Otherwise, we’re just moving the problem from one postcode to another and duplicating existing silos.

In reality, adapting buildings to house multiple services can be slow and expensive, and may be more challenging in some areas than others, for example remote areas.

And even when it’s done, if teams can’t access shared records or collaborate digitally, the patient journey still hits a wall the moment they’re referred outside the centre.

If services are to be truly patient-centred, tailored to individual needs, then they need to be dynamic and flexible.

The composition of the neighbourhood team may need to adapt to those varying needs otherwise people will be no better off than they are now.

Neighbourhood health can’t be built on proximity alone.

It needs infrastructure that lets professionals work as one team, whether they’re in the same building or not.

Digital as a foundation, not a feature

The technology to support the delivery of neighbourhood health on the most part already exists. What’s missing is the delivery plan, funding strategy, and governance framework to develop and deploy it at scale.

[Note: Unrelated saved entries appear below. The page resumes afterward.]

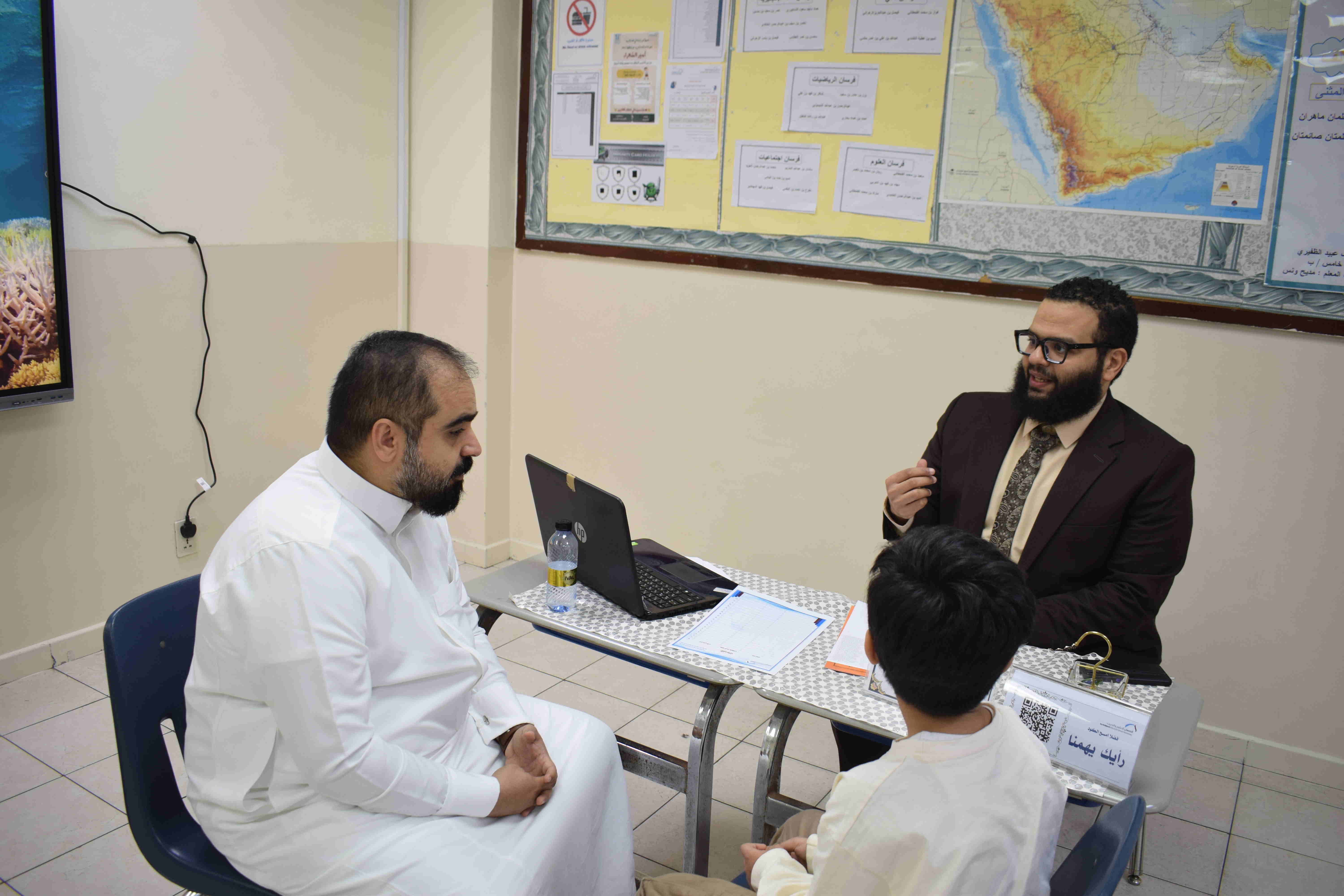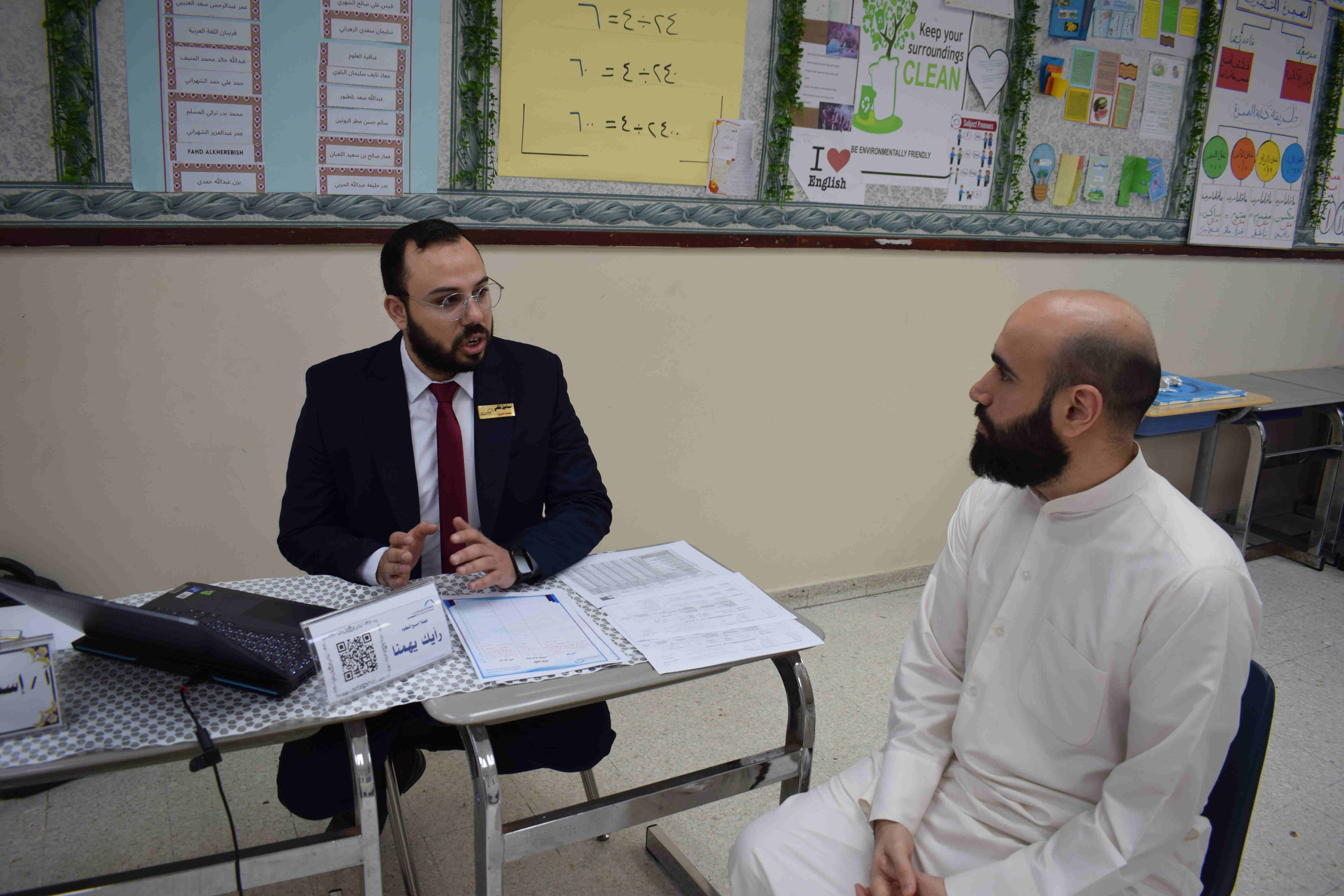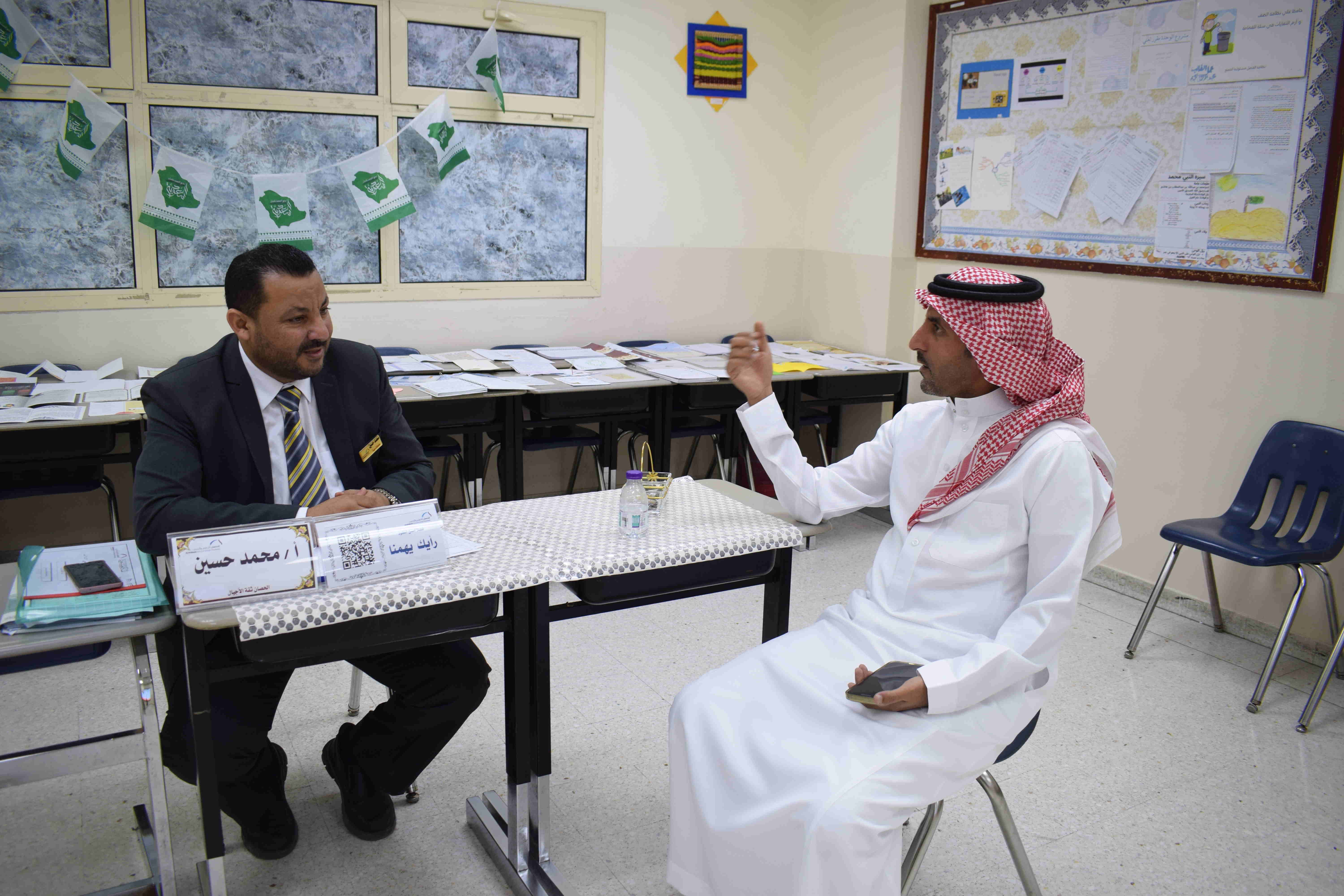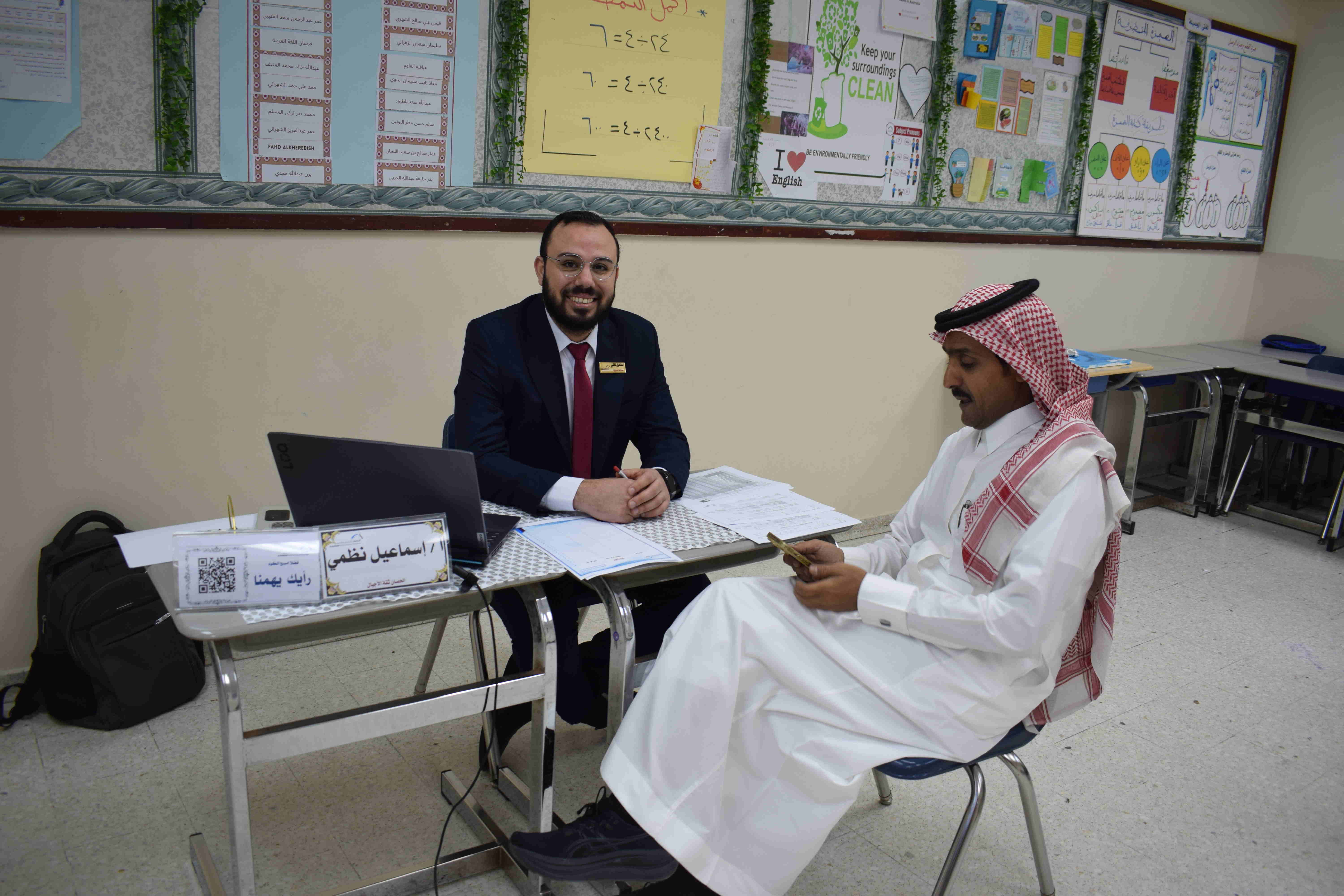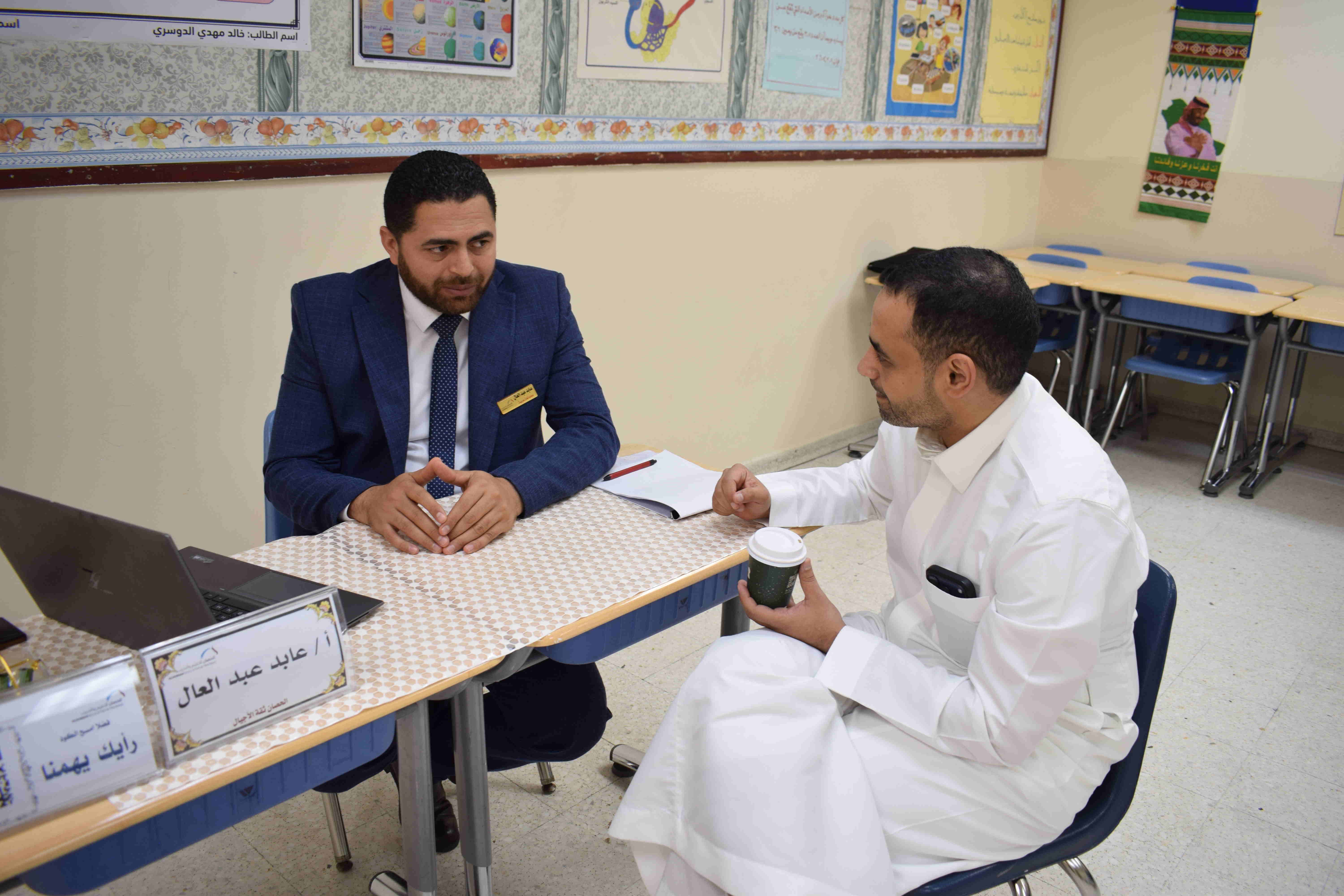 كما أتيح للآباء فرصة لقاء المعلمين ومناقشة مستوى أبنائهم وتبادل الآراء والمقترحات لتحسين الأداء.
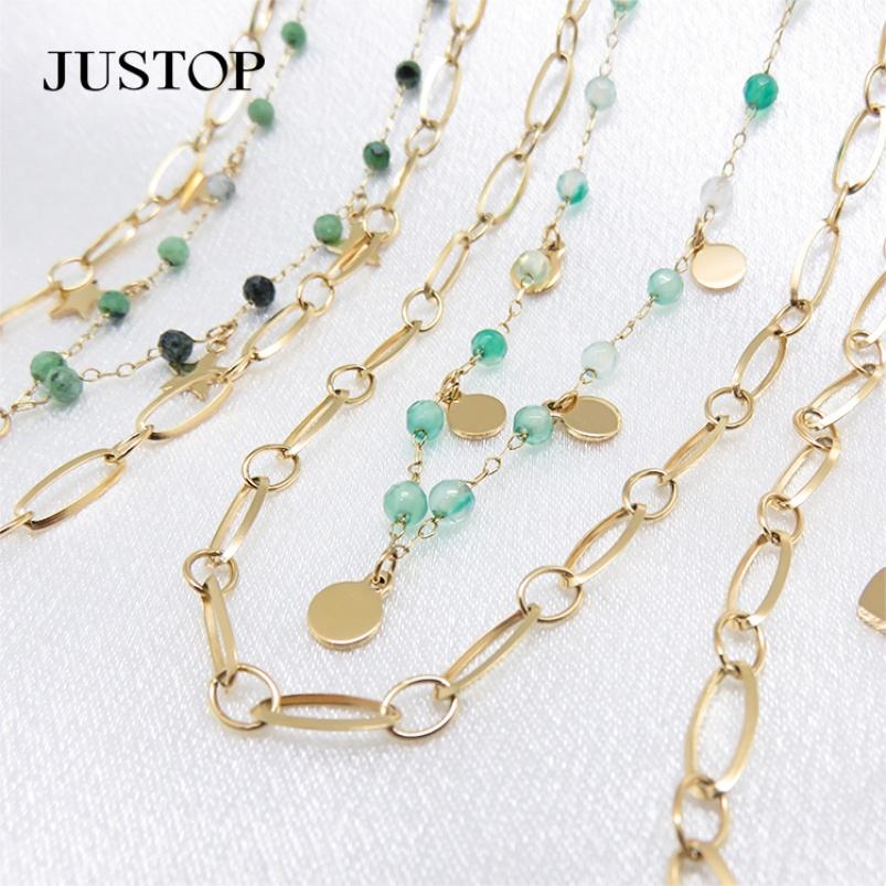 Wholesale Women's Gold Plated Stainless Steel Necklace Personalized Delicate Agate Beads-Natural Stone Heart Star Chain Charms
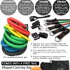 - Get your complete resistance bands set now: You’ll feel 100% satisfaction from the moment you received the exercise bands set. They come with a lightweight carrying bag, a sturdy door anchor, a pair of larger straps and handles for home gym exercise, door exercise, weightlifting, stretch exercise,leg exercise, etc. We are quite sure that you will be super-impressed with the durability, portability, versatility and high quality of our resistance exercise bands.

Without the digital foundation to better coordinate and collaborate, we risk replicating old silos under a new name.

The digital infrastructure needs to include:

  • Interoperable data standards: Systems used by NHS, local government, and community providers must speak a common digital language. This requires shared data standards, APIs, and user-friendly design to ensure information with common data identifiers can flow safely and efficiently.
  • Secure, consent-based data sharing: Citizens must retain control over their information, with clear tiering of data and consent mechanisms that build trust and meet legal obligations like GDPR.
  • Digital collaboration platforms: Portals or apps that allow teams from different organisations to share care plans, communicate securely, and coordinate interventions in real time.
  • Analytics and insight dashboards: Aggregated, anonymised data can reveal health trends, service gaps, and high-impact interventions – vital for targeting resources where they matter most.

From simulation to reality

At Feedback Medical, we’ve shared what’s possible.

Our involvement in the recent London-wide simulation with PPL, powered by our Bleepa® platform, showed how joined-up, community-first care can transform outcomes.

It highlighted how when professionals can connect, coordinate, and act in real time, care can improve.

Patients can be seen earlier, interventions can be more targeted and resources can be better used.

Let’s be clear – this is less of a tech issue and more about leadership.

We need decisive action to unify digital systems, mandate interoperability, and build a common view of a citizen that works across NHS and non-NHS teams.

Suppliers like us are ready to invest and support but we won’t build on sand.

Digital is not a luxury. If we want local neighbourhood teams to succeed, we must give them the infrastructure to do so.

Barriers and bridges

Of course, scaling digital platforms for neighbourhood health comes with challenges. Interoperability across legacy systems is still patchy.

And digital inclusion must be built in from the start – especially in communities where trust in digital solutions is low or access is limited.

Finally, funding models must shift from short-term projects to sustained investment.

Too often, innovative platforms are trialled in one region and vanish when the grant runs out.

The NHS must stop treating digital infrastructure as an afterthought. It’s the foundation of neighbourhood health.

Without it, collaboration fails, innovation stalls, and patients lose.

Neighbourhood delivery is about service coordination around the citizen, the mix of services will need to flex and change as their needs do.

It will need stronger foundations than co-location to achieve success.

A national commitment to digital infrastructure – akin to building roads or power grids – is required to make neighbourhood health more than the latest policy buzzword.